Thank God she believes me, even if I don't deserve it. After everything that I did, how can she still trust me? I always thought that after finding out she wouldn't want to have anything to do with me anymore, I was so sure that I screwed up our relationship beyond repair, but she forgave me and gave me a second chance, which I am _so_ thankful for. She sits back down next to me and the next thing I know she's kissing me. I instantly kiss her back. Our kiss is gentle and so are my movements, I don't want to push her, I mean if I was in her place I'd probably want some time before things would go back to the way they used to be.

* * *

Spencer just left and now I'm alone in my loft. I know that we'll have to talk about me being in the A team, I know her, she's not going to just let this go without a further explanation, but she hasn't brought it up yet and I'm scared to do it. The conversation is definitely not going to be an easy one. I'm actually surprised that she hasn't brought it up yet, maybe she's as nervous about it as I am? My phone rings and I look at the screen only to see that it's a text message form an unknown number. I open it.

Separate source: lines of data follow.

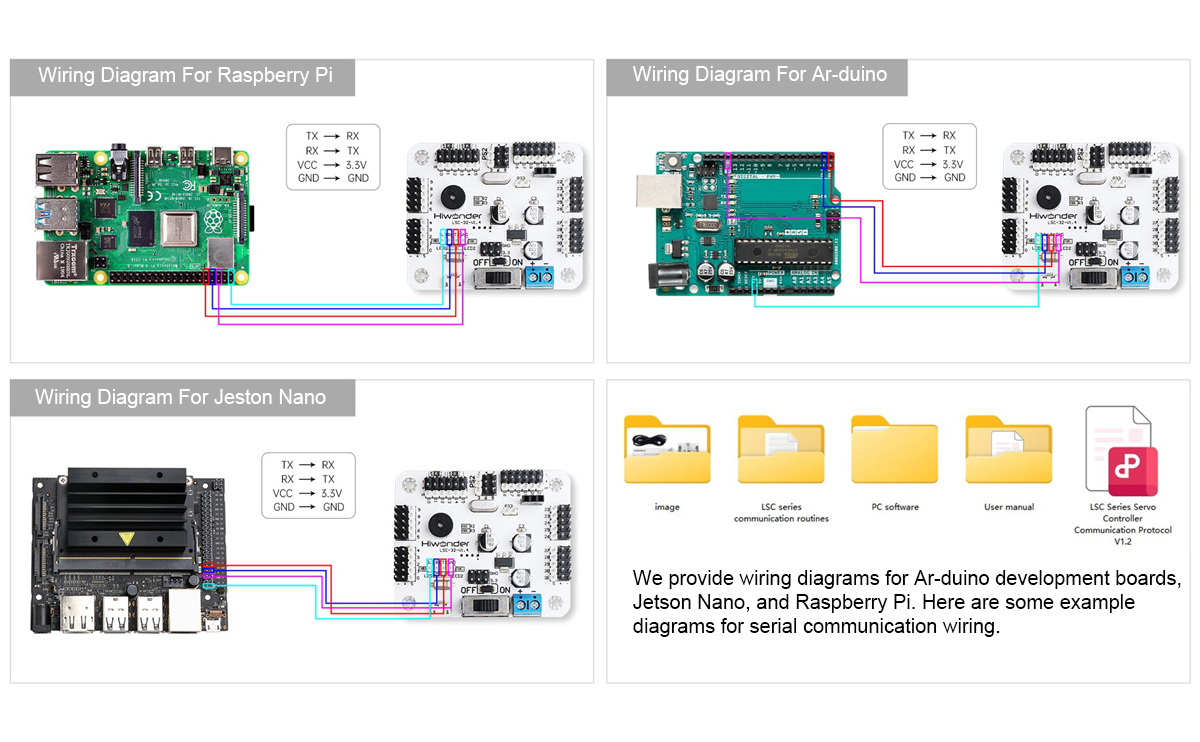 * Includes secondary development communication examples for Ar-duino, 51, STM32, Raspberry Pi, and Jetson Nano boards.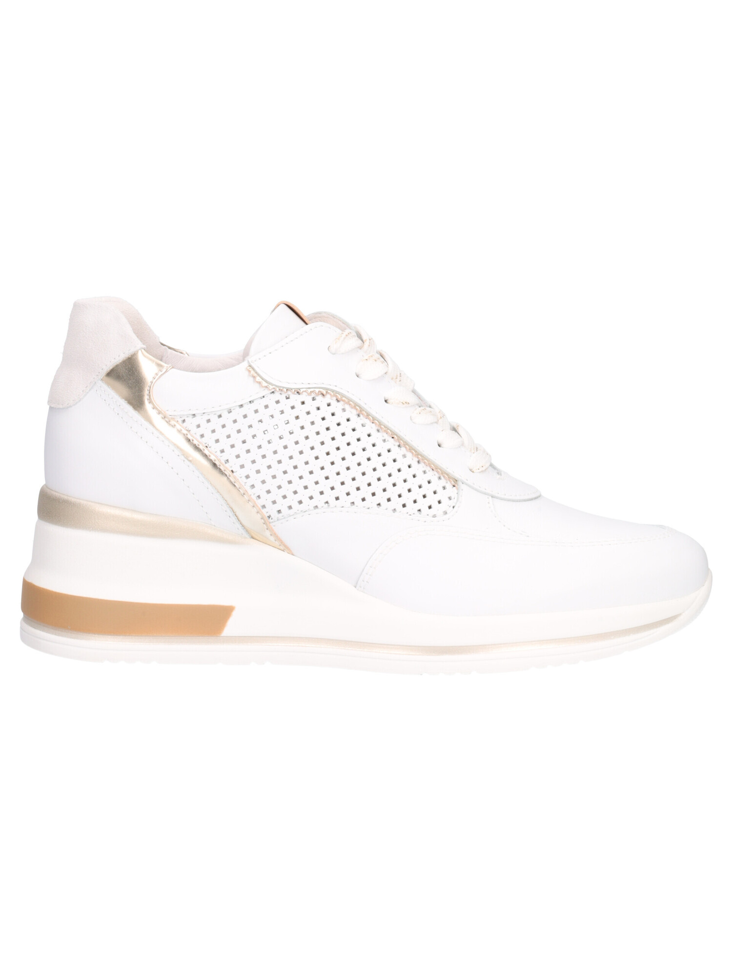 Scarpa casual Nero Giardini da donna in pelle bianca con dettaglio laterale traforato, fodera e sottopiede estraibile in pelle con memory foam fondo in gomma con zeppa di 6cm.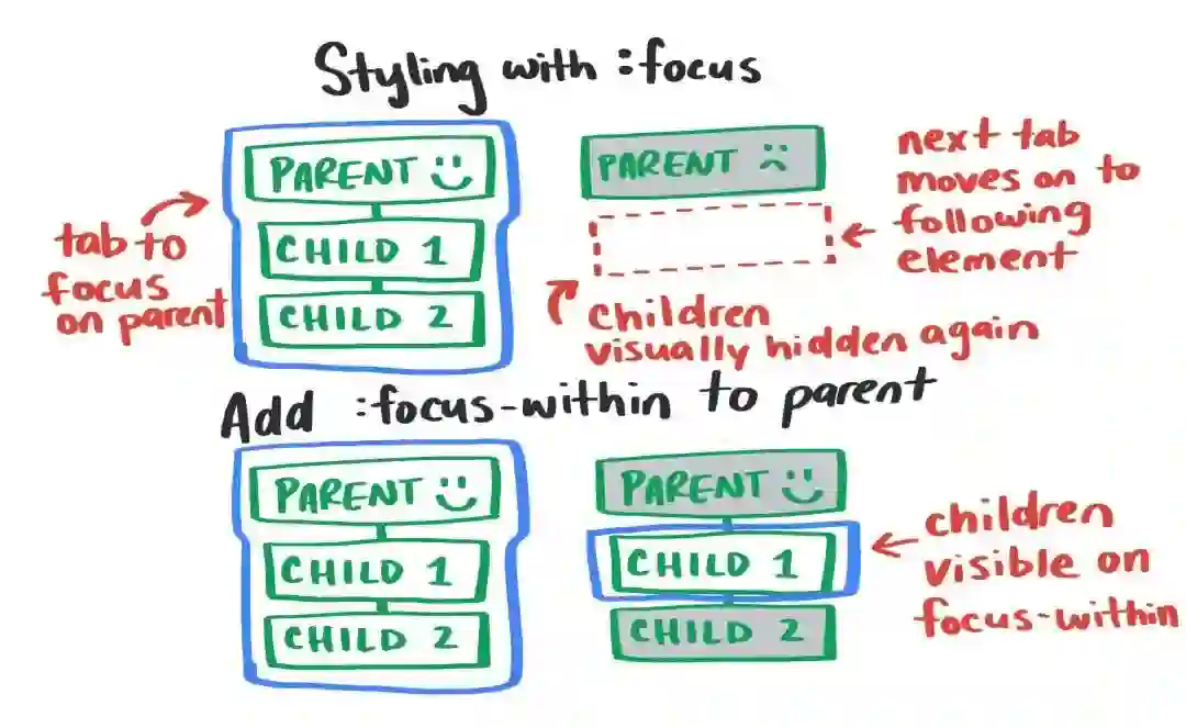 /* 链接得到焦点时的样式 */a:focus {}/** 1. 如果链接有焦点,但是浏览器通常不会显示默认的焦点样式,会覆盖上面的焦点样式* 2. 不是按键盘`tab`键让链接得到的焦点,比如说鼠标点击链接*/a:focus:not(:focus-visible) {}/* 按键盘tab键让链接得到焦点的样式 */a:focus-visible {}

_'We'll see how much she'll still trust you when I'll tell her who killed Ian._

_-A'_

No, I can't let A tell her before I do. But how do I tell her? We haven't talked about any of this yet, it's not like I can just walk up to her and say '_Hey Spence, how's it going? By the way it was me who killed Ian. You want some coffee?' _it's just not that simple. I hate A and I hate myself for ever working for her. I angrily throw my phone on the couch beside me. Something has to be done about that devil. Suddenly my phone rings again. I look at it.

_'Here's the deal, if you want to end this meet me in the park in an hour and don't forget to wear your A costume. If you don't Spencer will find out your dirty little secret._

_-A'_

I'm 100% sure this is a trap, but what choice do I have? Of course I could go to Spencer's house right now and tell her everything, but maybe if I went I would finally find out who red coat is, or at least another member of the A team. Maybe I really could finally end this.

* * *

I sit down on a bench in the park. I'm wearing the black hood and globes just like A told me to. I keep on nervously looking around me. I hear something behind me.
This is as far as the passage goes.